__What the exercise asks__: A full, word-for-word copy of the listing below is needed; leave the images out of it.

__Stored data__:
------------------------------

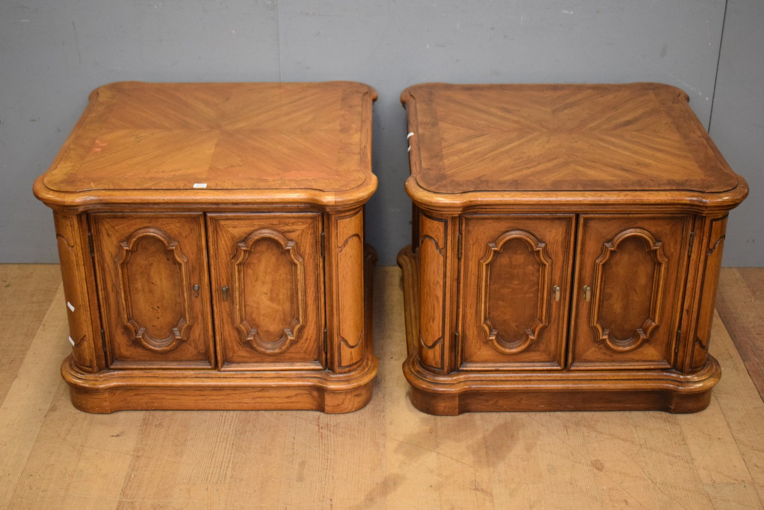 A PAIR OF AMERICAN BURWOOD BEDSIDE CABINETS (A/F) (53H x 72W x 72D CM) (PLEASE NOTE THIS HEAVY ITEM MUST BE REMOVED BY CARRIERS AT THE CUSTOMER'S EXPENSE. LEONARD JOEL STAFF CANNOT ASSIST CARRYING THIS ITEM) (X-LARGE ITEM)
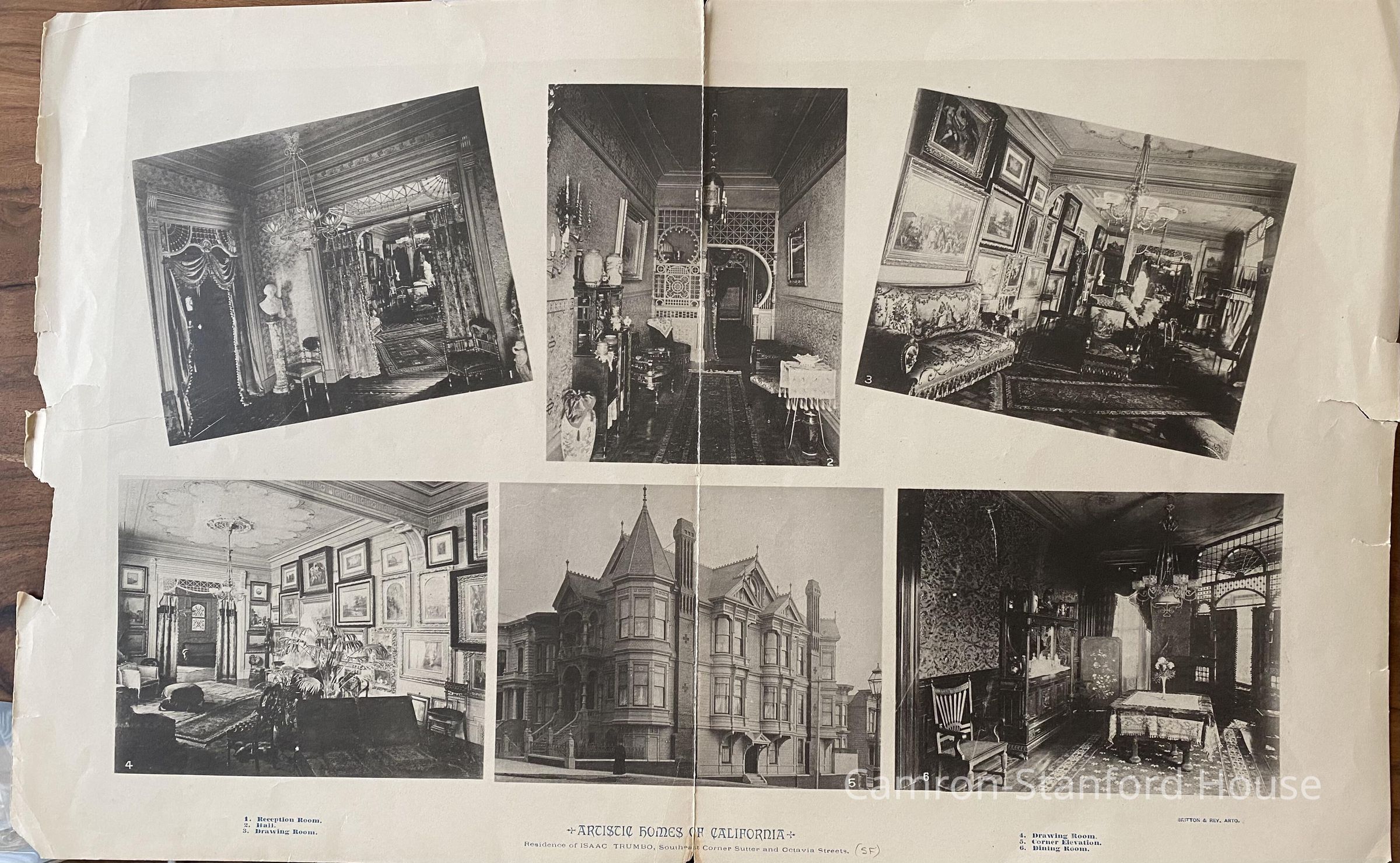Lithograph print of views of the Trumbo residence in San Francisco, California. Viewing these images helped provide the Camron-Stanford House Preservation Association guidance while restoring the Camron-Stanford House. The images are a fine example of what an upper-middle class home interior may have looked like in the late 1800s.
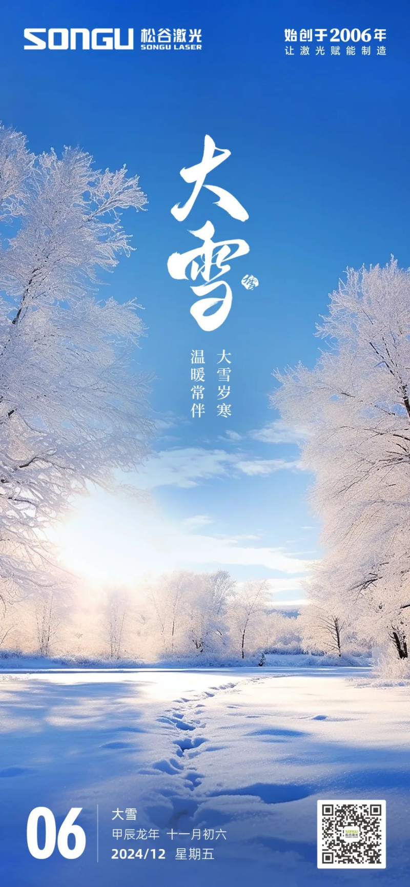 大雪纷飞,银装素裹,松谷激光科技在这个纯净而祥和的大雪节气,向您及您的家人致以最真挚的祝福与问候:

------------------------------

__Solution to this exercise__:
 A PAIR OF AMERICAN BURWOOD BEDSIDE CABINETS (A/F) (53H x 72W x 72D CM) (PLEASE NOTE THIS HEAVY ITEM MUST BE REMOVED BY CARRIERS AT THE CUSTOMER'S EXPENSE. LEONARD JOEL STAFF CANNOT ASSIST CARRYING THIS ITEM) (X-LARGE ITEM)
Lithograph print of views of the Trumbo residence in San Francisco, California. Viewing these images helped provide the Camron-Stanford House Preservation Association guidance while restoring the Camron-Stanford House. The images are a fine example of what an upper-middle class home interior may have looked like in the late 1800s.
 大雪纷飞,银装素裹,松谷激光科技在这个纯净而祥和的大雪节气,向您及您的家人致以最真挚的祝福与问候:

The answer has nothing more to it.